7. Copyright and temporary copies The pending NLA v PRCA reference to the CJEU should determine whether a user’s web browsing is an activity that requires the permission of the copyright owner. The UK Supreme Court thought not, but decided that the question required an EU-wide answer from the CJEU. [CJEU judgment issued 5 June 2014. Browsing permission not required.]

8. PRISM, TEMPORA, Snowden. Watch out for the legal challenges launched by various public interest groups following the Snowden revelations. These include two applications (by Liberty and Privacy International) to the Investigatory Powers Tribunal and a case taken (by Big Brother Watch, the Open Rights Group, English PEN and Dr Constanze Kurz) direct to the European Court of Human Rights. [In the latter the ECtHR requested the UK Government to provide written observations on admissibility and merits by 2 May 2014. The complaint has been stayed pending the outcome of the IPT cases (hearings July 2014). The IPT found that the challenged activities (PRISM intelligence sharing and the hypothetical use of RIPA S.8(4) warrants for TEMPORA were,
 in the light of disclosures of practices and policies made by the government during the proceedings, 'in accordance with the law' going forwards. The position prior to the disclosures would require further consideration. In a further judgment the IPT found that PRISM intelligence receipt prior to the disclosures made in the proceedings contravened Articles 8 and 10 ECHR. In the meantime the CJEU on 8 April 2014 invalidated the Data Retention Directive. As a result the UK government substantially relegislated the Data Retention Regulations 2009 in the Data Retention and Regulatory Powers Act (DRIPA). On 8 December 2014 MPs David Davis and Tom Watson (represented by Liberty) were granted permission to proceed with a judicial review of S.1 DRIPA, with the Open Rights Group and Privacy International intervening. The High Court disapplied S.1 on 17 July 2015, suspended until 31 March 2016. My mindmap of the UK interception legal landscape as at 7 October 2015:]

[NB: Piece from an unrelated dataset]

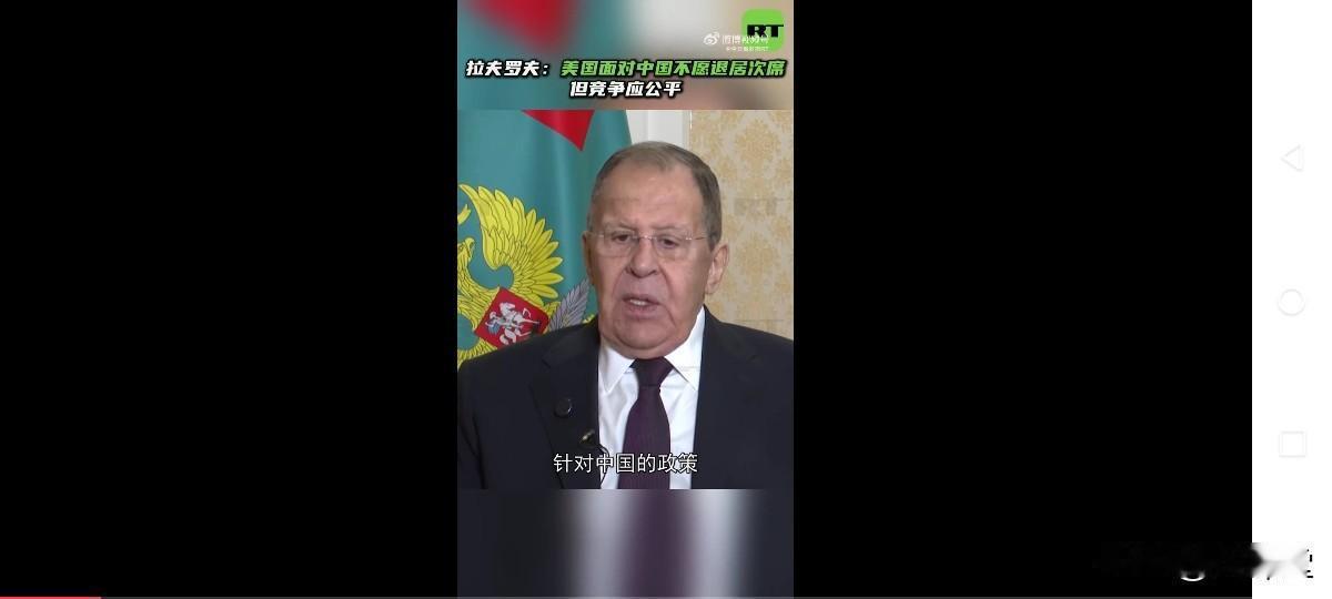 拉夫罗夫:美国面对中国不愿退居次席,但竞争应公平。俄罗斯外交部长拉夫罗夫表示,美国在制定遏制中国的政策时,并不愿意向这个在经济和政治实力上不断增强的国家让步,但国际竞争应当是公平的。 12月15日,拉夫罗夫在接受伊朗国家广播电视公司采访时指出:“很明显,美国希望构建一套针对中国的政策——一个不断增强实力、每年都显示出越来越高的经济发展、财政实力和政治影响力的国家。美国不愿意退居次要地位。 正如你们所知道的,我们并不反对竞争,但竞争必须是公平的。”拉夫罗夫还强调,通过征收100%甚至500%的关税来打压竞争对手,违背了全球化原则,而这一原则正是美国在二战后曾呼吁俄罗斯接受的,“当美国由于某个国家或某个人的政治立场直接宣布制裁时,这甚至已经不是不平等的问题,而是对人权的不尊重,是一种强权霸凌”。
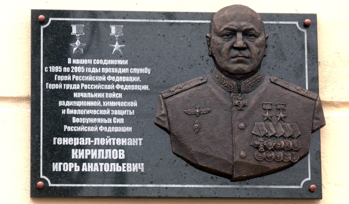 Открыта 31 марта 2026 года в городе Курске на здании 27-й отдельной гвардейской бригады радиационной, химической и биологической защиты (улица Дзержинского. дом 67). Фото: «ТРК Сейм».

9. The saga of the Digital Economy Act 2010. The May 2013 Online Infringement of Copyright Roundtable minutes state that letters are not contemplated to start going out until ‘the latter half of 2015’. None of the necessary cost sharing statutory instruments has yet been laid before Parliament, a Treasury approval mechanism seems to be in play, and there is a General Election between now and then.  It could cost participating rightsowners collectively up to £10 million (to March 2015) in OFCOM cost sharing charges to take it forward. [Voluntary letters scheme 'Creative Content UK' announced 19 July 2014.]

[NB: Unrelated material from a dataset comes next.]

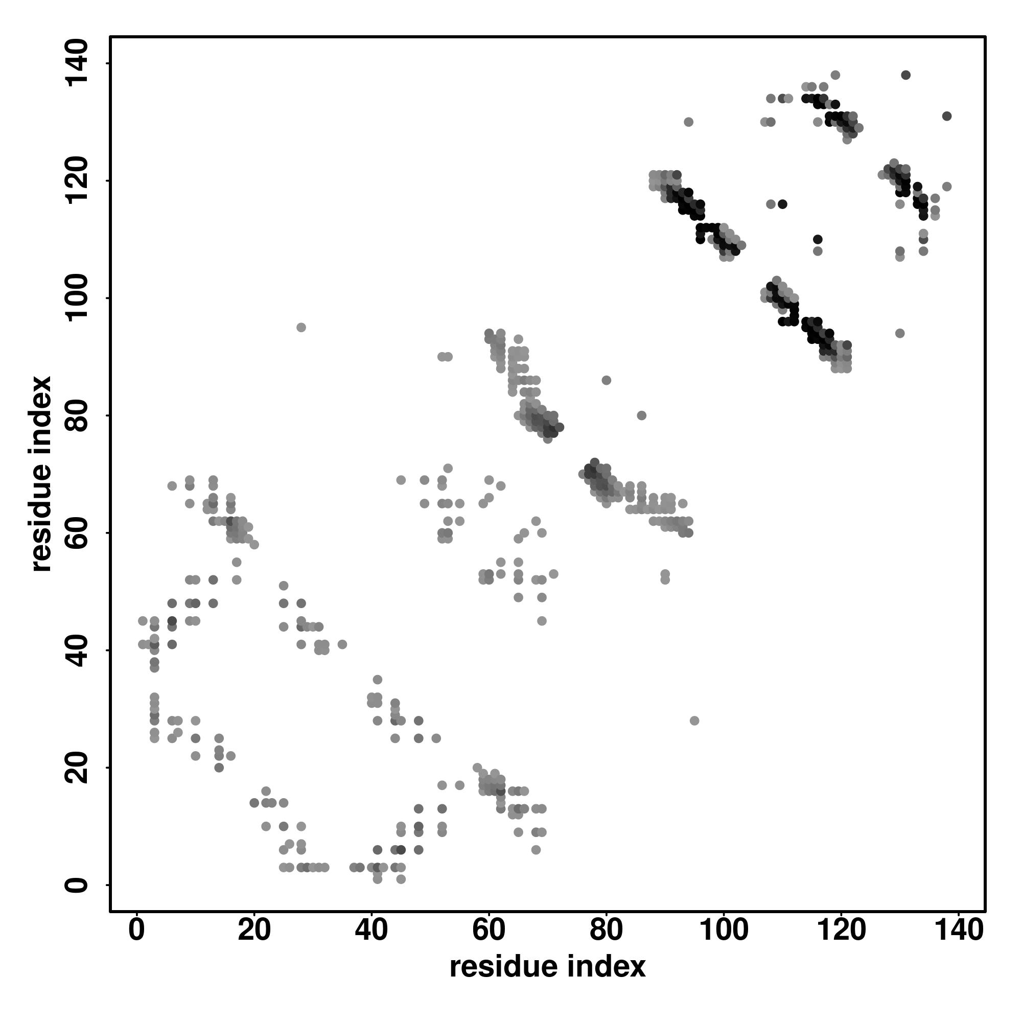For the contact map, each dot represents a residue pair with predicted contact,

See also: Cyberlaw Memes and Themes for 2014


1 comment:

  1. I am not sure it is fair to say "As a result of the 2009 European Court of Human Rights judgment in the Times Newspapers internet archive case we will now have a single publication rule ..." since the court found that the interference with article 10 caused by our existing rules on publication were "necessary in a democratic society" particular on the grounds that a Loutchansky notice is possible.

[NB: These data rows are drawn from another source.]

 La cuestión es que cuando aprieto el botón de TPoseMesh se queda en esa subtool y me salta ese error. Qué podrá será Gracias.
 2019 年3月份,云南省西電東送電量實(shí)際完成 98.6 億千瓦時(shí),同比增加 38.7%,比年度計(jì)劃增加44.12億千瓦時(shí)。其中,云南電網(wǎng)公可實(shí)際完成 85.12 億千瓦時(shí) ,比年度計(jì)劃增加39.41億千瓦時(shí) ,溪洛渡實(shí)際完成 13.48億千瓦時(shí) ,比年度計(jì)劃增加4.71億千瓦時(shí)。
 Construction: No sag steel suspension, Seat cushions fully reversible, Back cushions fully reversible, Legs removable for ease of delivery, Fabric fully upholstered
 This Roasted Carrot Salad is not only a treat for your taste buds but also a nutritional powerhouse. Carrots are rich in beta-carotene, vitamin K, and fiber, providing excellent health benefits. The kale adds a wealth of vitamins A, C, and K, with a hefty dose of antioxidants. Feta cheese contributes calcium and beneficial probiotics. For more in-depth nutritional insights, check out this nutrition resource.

    While I absolutely see problems with the existing situation, the "single publication" rule as drafted assumes a model that one publishes and then "archives" that publication. But that is not how the internet works. Something may be (say) blogged but unnoticed and then suddenly tweeted/found by google etc and achieve prominence. The single publication rule really doesn't do justice to such situations.